- Aim of the exercise -
Could you retype the lines below, starting at the line holding "为提升市民文明出行意识,优化" and stopping at the line holding "Яйцо вышитое драгоценными", inclusive? Copy them exactly and drop the images.

- Provided material -
=-=-=

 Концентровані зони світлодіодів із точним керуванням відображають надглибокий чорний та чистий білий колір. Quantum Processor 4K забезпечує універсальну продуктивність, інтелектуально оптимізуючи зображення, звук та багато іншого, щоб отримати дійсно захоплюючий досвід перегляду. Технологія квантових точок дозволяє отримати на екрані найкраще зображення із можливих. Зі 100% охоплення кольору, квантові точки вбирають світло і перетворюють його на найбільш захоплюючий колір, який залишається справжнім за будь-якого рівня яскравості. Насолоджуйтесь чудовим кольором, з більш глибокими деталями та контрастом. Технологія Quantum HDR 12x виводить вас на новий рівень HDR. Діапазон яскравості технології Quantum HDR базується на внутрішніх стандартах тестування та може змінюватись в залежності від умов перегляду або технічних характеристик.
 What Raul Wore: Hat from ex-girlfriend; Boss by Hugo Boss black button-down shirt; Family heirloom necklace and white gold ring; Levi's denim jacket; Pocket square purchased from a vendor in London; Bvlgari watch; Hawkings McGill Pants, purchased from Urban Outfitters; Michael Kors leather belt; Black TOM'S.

=-=-=

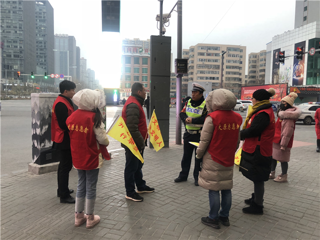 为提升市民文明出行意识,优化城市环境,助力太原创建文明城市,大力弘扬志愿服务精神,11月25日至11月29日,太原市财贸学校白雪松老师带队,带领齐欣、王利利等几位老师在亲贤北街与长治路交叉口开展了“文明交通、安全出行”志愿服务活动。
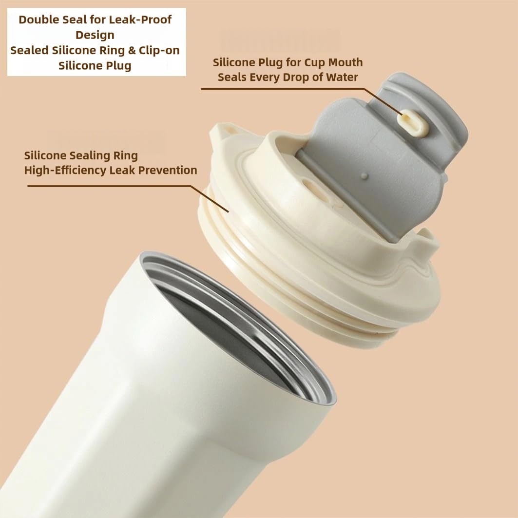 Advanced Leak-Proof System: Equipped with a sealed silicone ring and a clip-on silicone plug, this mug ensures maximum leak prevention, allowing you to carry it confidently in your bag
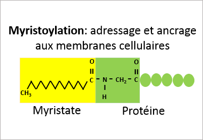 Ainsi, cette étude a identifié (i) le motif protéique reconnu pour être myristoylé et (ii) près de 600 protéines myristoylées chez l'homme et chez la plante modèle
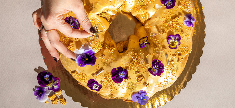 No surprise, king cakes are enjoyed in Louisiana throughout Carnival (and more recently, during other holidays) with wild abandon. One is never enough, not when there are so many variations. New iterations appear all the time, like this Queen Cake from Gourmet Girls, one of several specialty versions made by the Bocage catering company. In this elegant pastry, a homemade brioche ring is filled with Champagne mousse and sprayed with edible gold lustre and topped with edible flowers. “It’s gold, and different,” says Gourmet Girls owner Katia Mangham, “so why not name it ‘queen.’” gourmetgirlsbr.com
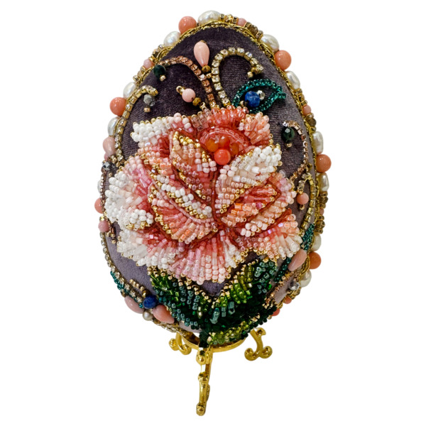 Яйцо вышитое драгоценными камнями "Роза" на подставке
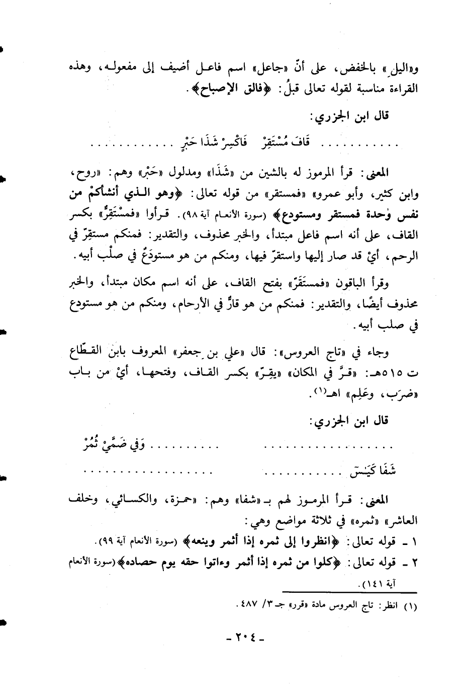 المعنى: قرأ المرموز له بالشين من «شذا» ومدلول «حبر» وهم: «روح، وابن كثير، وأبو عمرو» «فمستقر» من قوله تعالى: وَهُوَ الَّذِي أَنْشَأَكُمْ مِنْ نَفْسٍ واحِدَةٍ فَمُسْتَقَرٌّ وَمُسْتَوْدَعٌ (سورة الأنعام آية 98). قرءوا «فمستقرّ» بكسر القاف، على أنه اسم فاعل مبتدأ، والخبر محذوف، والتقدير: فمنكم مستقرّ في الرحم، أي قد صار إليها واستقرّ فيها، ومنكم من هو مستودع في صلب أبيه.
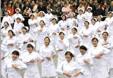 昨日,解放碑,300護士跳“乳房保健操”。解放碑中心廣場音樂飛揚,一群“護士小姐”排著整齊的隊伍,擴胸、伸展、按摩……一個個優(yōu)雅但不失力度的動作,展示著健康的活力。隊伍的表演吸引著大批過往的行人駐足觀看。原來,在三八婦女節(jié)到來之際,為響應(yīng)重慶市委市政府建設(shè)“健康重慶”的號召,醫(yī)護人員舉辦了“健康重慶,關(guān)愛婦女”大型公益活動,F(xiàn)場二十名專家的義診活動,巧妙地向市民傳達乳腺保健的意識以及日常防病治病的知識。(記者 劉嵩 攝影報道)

=-=-=

- Problem solution -
 为提升市民文明出行意识,优化城市环境,助力太原创建文明城市,大力弘扬志愿服务精神,11月25日至11月29日,太原市财贸学校白雪松老师带队,带领齐欣、王利利等几位老师在亲贤北街与长治路交叉口开展了“文明交通、安全出行”志愿服务活动。
 Advanced Leak-Proof System: Equipped with a sealed silicone ring and a clip-on silicone plug, this mug ensures maximum leak prevention, allowing you to carry it confidently in your bag
 Ainsi, cette étude a identifié (i) le motif protéique reconnu pour être myristoylé et (ii) près de 600 protéines myristoylées chez l'homme et chez la plante modèle
 No surprise, king cakes are enjoyed in Louisiana throughout Carnival (and more recently, during other holidays) with wild abandon. One is never enough, not when there are so many variations. New iterations appear all the time, like this Queen Cake from Gourmet Girls, one of several specialty versions made by the Bocage catering company. In this elegant pastry, a homemade brioche ring is filled with Champagne mousse and sprayed with edible gold lustre and topped with edible flowers. “It’s gold, and different,” says Gourmet Girls owner Katia Mangham, “so why not name it ‘queen.’” gourmetgirlsbr.com
 Яйцо вышитое драгоценными камнями "Роза" на подставке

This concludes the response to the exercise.